The era of geek pork has arrived
With yesterday’s announcement of a baffling new 4 Mbps minimum broadband speed standard, the era of full blown geek pork barrel has arrived. I probably shouldn’t be surprised given that my fellow geeks and tech addicts are a growing demographic. The geek blogosphere seems to be celebrating hallelujah and see this as necessary government intervention. Given the fact that it is unlikely that the private sector will invest at the impossible-to-please pace that many of my fellow geeks deem appropriate, their next “logical” next step would be government intervention and possibly even a government run operation.

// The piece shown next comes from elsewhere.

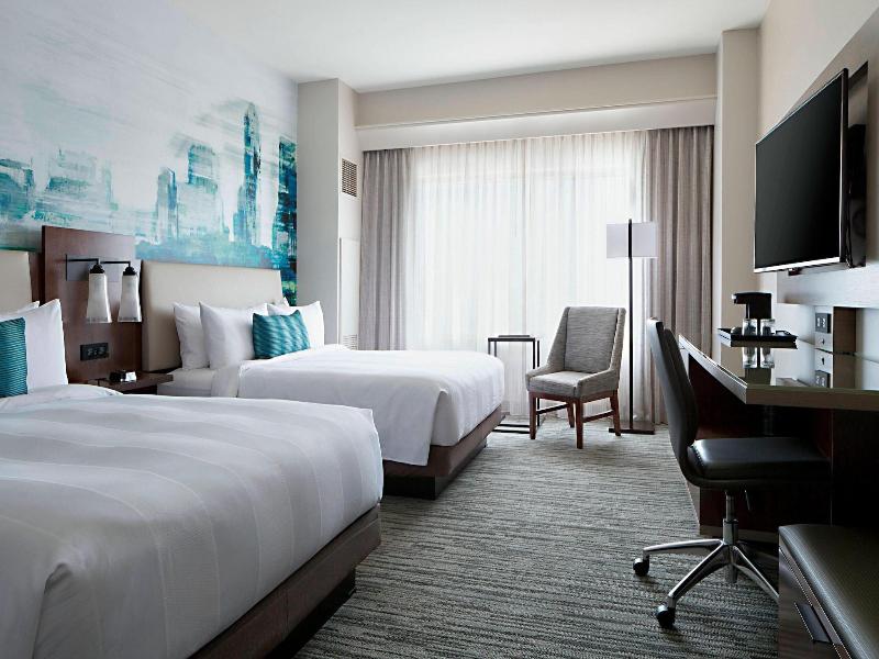 Este hotel en Indianápolis ofrece una variedad de servicios tanto para viajeros de negocios como de placer. Disfruta de una sesión de ejercicio en el gimnasio, relájate en el jardín o explora atracciones cercanas como el Indiana Convention Center y el White River State Park, ambos a menos de 1, 6 km. El hotel cuenta con 650 habitaciones equipadas con televisores inteligentes y baños privados. Las opciones gastronómicas incluyen Conner's Kitchen + Bar, especializado en cocina estadounidense, dos cafeterías y servicio de habitaciones las 24 horas. Con más de 3700 metros cuadrados de espacio para eventos, el hotel también es ideal para conferencias y reuniones. Los servicios adicionales incluyen wifi gratuito, conserjería y un centro de negocios.

Even self purported “Conservative/Libertarian” types like ArsTechnica reader “MikeStewart” thinks that the government needs to step in. Well known tech columnists like the Wall Street Journal’s Walt Mossberg cites the myth that the US is behind “anyone else” and the blogosphere echo chamber quickly regurgitate it as fact. Many of these myths are based on the now widely discredited Berkman study. Others like “John Smith” commenting on AT&T’s policy blog says that “If it takes a sledgehammer from the US government to force AT&T to upgrade its service against its will, then I am all for it”. Really? I didn’t know that’s how democracies worked not to mention the fact that major Telcos like AT&T and Verizon each already invest more in CAPEX than all the dotcoms combined.
But these inconvenient facts won’t stop Jason Rosenbaum from proclaiming that the US telecom companies “are too greedy to invest in infrastructure. Rosenbaum goes as far as proclaiming that “net neutrality” is needed to force ISPs the upgrade even though it would likely do the opposite by starving the ISPs of their means to invest. The most extreme form of “net neutrality” would harm present revenues of the major Telcos and Cable companies by outlawing their existing business models and even the less extreme forms of net neutrality would eliminate current and future legitimate ISP business models. I’ve yet to meet a business that increases its investment when the regulatory environment (e.g., net neutrality or dubious reclassification proposals) precludes them from getting a return on that investment.
Trying to understand these irrational demands from a rational perspective might be a fool’s errand if the Internet entitlement geeks believe what they want to believe. At the root of this anger against the ISPs is that they want faster Internet access and they don’t want to pay for it and they want a healthy dose of government interventions (read subsidies). If 14 to 24 million people in high cost areas are too expensive for the free market to serve, then they want to declare broadband (now 4 Mbps minimum) a basic human right (note that the word “right” is a euphemism for “entitlement”) and that’s going to have to involve a few hundred billion dollars to cover ~5% of the population. And if we listen to Walt Mossberg, we can’t forget about the rest of the country and it sounds like he wouldn’t be happy until the U.S. is better than “anyone” which he really means better than Korea and Japan. If that involves another few hundred billion entitlement dollars, spending other people’s money is certainly easier than spending one’s own money.
I can’t deny that broadband subsidies look really good to me since I’m about as geeky as they come, but it would involve extracting contributions from my fellow tax payers. Since I can’t in good conscious take this subsidy, I feel as if I have a duty to point out pork when I see it.